The "Run to 50" is complete. Blogging continues from this point on at Run to 51

Blog Archive

Tuesday, August 31, 2010

Spin Day

Amazing.  Stuck to the plan and completed the noon spin class at Pure Fitness. 

I wound up on an "all-or-nothing" bike, meaning that small movements of the knob results in huge differences in the resistance.  When Renee was saying to add 1 full turn, the resistance for me would go from easy to impossible.  So, I had to "cheat" and convert each full turn to around a quarter turn just to hang with the class.

I did work hard though.  A couple of cadence sequences had my legs burning and chest heaving.  I was not wearing my HR monitor, but I would have liked to have known how my heart rate compared to my perceived level of exertion.

That was all for today.  I spent 15 minutes cooling down with stretching, but didn't spend any extra time on anything else.  I really couldn't afford the spare time anyway.  I'm getting behinder and behinder at work.  I need to reassess my priorities.  My health and fitness is important, but I'm starting to take it overboard.  It's getting to the point where my workout is the first thing on my mind.  It's probably like a kid who looks forward to recess all day, at the expense of paying attention to his schoolwork. 

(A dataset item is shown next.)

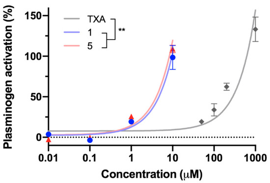 Activity of TXA and compounds 1 and 5 on the conversion of plasminogen into plasmin by tPA in the absence of fibrin. The percentage of plasminogen’s activation was determined by quantifying the increase in the enzyme’s activity relative to the activity in the absence of any compound. The concentrations at which each compound increased tPA’s activity by 50% were obtained for compound 1 (4.67 µM), compound 5 (4.03 µM), and TXA (283.01 µM). All datapoints are represented as mean ± SD. Data were fitted to a linear model and slopes were compared using an unpaired t-test with Welch’s correction. Statistically significant differences are indicated (** p < 0.01).

Even though I seem to be suffering from nagging injuries and appear to be having difficulty getting off this 16% body fat plateau, my fitness is the one area in my life where I feel like I have a good deal of control and success.  So it's natural for my attention and fixation to gravitate toward that.  But there are many other things that need attending to.  They just aren't as fun or rewarding.  But I have to get myself in gear and get control there as well.  I didn't use to be in control of my fitness.  Only 2 years ago, I was just taking the first steps out of the out-of-shape pit I had spent a decade wallowing in.  If I can pull myself out of that trap, I should be able to do the same in other aspects of my life, shouldn't I? 

Uh oh.  This post is a little more psychologically revealing than I like.